2. The filter apparatus of claim 1, in which more of the filter is used to filter liquid at higher liquid flow rates than at lower flow rates.
3. The filter apparatus of claim 1 or claim 2, for use in filtering water, typically rainwater.
4. The filter apparatus of any preceding claim, in which, with the filter apparatus in a use orientation, the filter element is orientated such that it extends upwards as it extends in a longitudinal directional horizontally away from the inlet to the outlet.
5. The filter apparatus of any preceding claim, in which the filter element is shaped so as to descend when moving laterally towards at least one lateral edge of the filter element in the use orientation.
6. The filter apparatus of claim 5, in which the filter assembly is arranged so that whilst filtered liquid passes through the filter element in use, unfiltered liquid can leave the filter assembly over the or each lateral edge.
7. The filter apparatus of any preceding claim, in which the filter element, in the use orientation, has a generally ascending cross section taken along a longitudinal direction from inlet to outlet, but an at least partially descending, typically arch-shaped cross section taken across a lateral direction.
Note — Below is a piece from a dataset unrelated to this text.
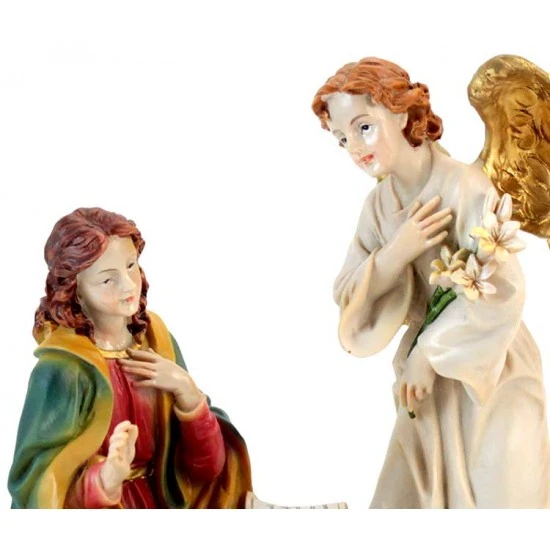 Statua Annunciazione dell’Angelo a Maria realizzata in resina colorata effetto legno. Confezionata in scatola di cartone litografato.

8. The filter apparatus of any preceding claim, in which the inlet has a diameter, and the outlet is positioned not more than one inlet diameter lower than the inlet, or typically not more than half an inlet diameter below the outlet.
9. A method of filtering a liquid, comprising introducing the liquid at the inlet of the filter apparatus of the first aspect of the invention so as to flow therethrough, in which the filter apparatus is positioned such that the liquid flows upwards over the filter element as it flows from the inlet to the outlet.
10. The method of claim 9, in which the filter apparatus is in the use orientation.
11. A filter apparatus of the kind set forth substantially as described herein with reference to and as illustrated in the accompanying drawings.